* **Exercise details**
Go through the entries below and copy every line that holds the word "with".

* **Provided material**

··········

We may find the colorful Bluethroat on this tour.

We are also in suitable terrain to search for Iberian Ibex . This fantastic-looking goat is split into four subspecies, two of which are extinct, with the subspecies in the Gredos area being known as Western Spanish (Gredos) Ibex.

··········

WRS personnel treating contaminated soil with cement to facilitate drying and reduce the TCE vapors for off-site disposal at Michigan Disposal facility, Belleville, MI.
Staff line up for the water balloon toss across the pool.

··········

* **Response to the exercise**
We are also in suitable terrain to search for Iberian Ibex . This fantastic-looking goat is split into four subspecies, two of which are extinct, with the subspecies in the Gredos area being known as Western Spanish (Gredos) Ibex.
WRS personnel treating contaminated soil with cement to facilitate drying and reduce the TCE vapors for off-site disposal at Michigan Disposal facility, Belleville, MI.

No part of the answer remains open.